My season of goodwill invariably begins with the first perky chords in Tchaikovsky’s deliciously enticing miniature overture. It never fails to stimulate those achingly fleeting bristles at the back of my neck and that all-too-brief legacy of warmth spreading down the spine.
Whilst I have seen countless productions of The Nutcracker, with still more to be added, this season, it is this glorious and venerable interpretation by Sir Peter Wright that remains always the one to which all others must bear comparison. This opening night of a new run, which will contain many debuts and, alas, perhaps a farewell or two, also served as a celebration of Sir Peter’s 90th birthday (occurring two days’ later) with a flower throw and an onstage, post-curtain call presentation.
The Royal Opera House gave Sir Peter a splendidly ornate cake and a medallion; The Royal Ballet presented him with a truly memorable performance of one of his best-loved and longest-lived ballets.

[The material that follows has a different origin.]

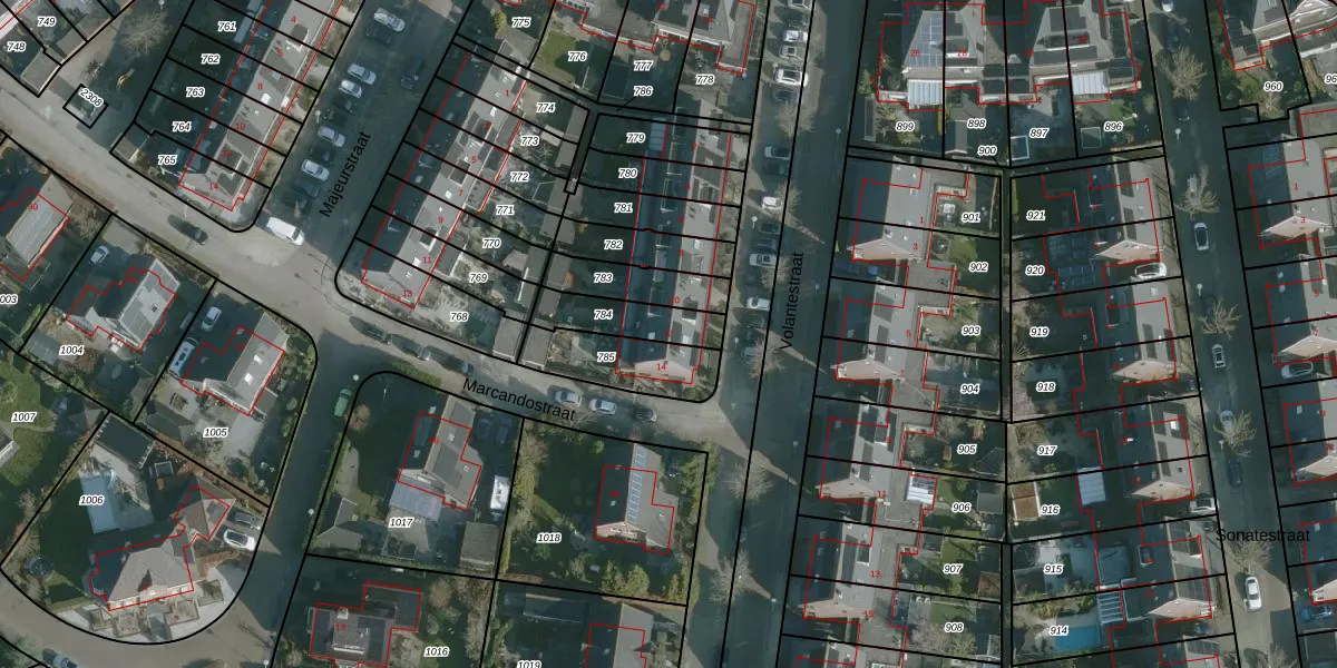 Het perceel waarop Volantestraat 12 staat heeft een oppervlakte van 157 m². Dit is een middelgroot perceel. De perceeloppervlakte wordt geregistreerd door het Kadaster. Gedetailleerde informatie over de maten van dit perceel kunt u vinden in het rapport Kadastrale kaart met maatvoering van Volantestraat 12.

Created in 1984 and enjoying the sumptuous, timeless designs of Julia Trevelyan Oman, the inherent sparkle and glamour of it all remains as warming as a mug of fine mulled wine, sipped by candlelight in front of a roaring log fire.
Wright’s production is regularly refreshed. He has returned to it many times to snip and edit such that an informal annual game of “spot-the-difference” is always great fun. This year, I could see further subtle changes to the Mouse King’s battlefield, which has become much-altered since the original. And a revised Chinese Dance excises the larger part of its former capacity to offend. Gone are the silly Fu Manchu moustaches, the pointy hats and pointed fingers, the little parasols and absurd 19th-century racial stereotyping; and gone, too, are two of the Chinese men. The rotational, levered cartwheels are retained and were neatly performed by Marcelino Sambé and Luca Acri, wearing rather more subdued brocade costumes than hitherto.
Although Tchaikovsky allegedly detested the music he composed to the precise detail of Marius Petipa’s order, it is his highly descriptive score that has made The Nutcracker easily the world’s most popular ballet (certainly in terms of the quantum of performances). Here, the orchestra was taken along at quite a gallop by Boris Gruzin; the tempo too quick for me, in many places, but what wonderful melodies, at any speed!
One perennial boon is to see new generations of performers slip into roles seamlessly alongside veteran players of characters, honed to rounded perfection over many years. Gary Avis, Alastair Marriott, Christopher Saunders and Elizabeth McGorian have been performing in Wright’s production since the early 90s but their national dances of those days have been traded in for the key character roles. McGorian is elegance exemplified as Mrs Stahlbaum, the best Christmas party hostess, ever; ably supported by Saunders as her attentive husband. Marriott’s aged grandfather is – as ever – a comic delight.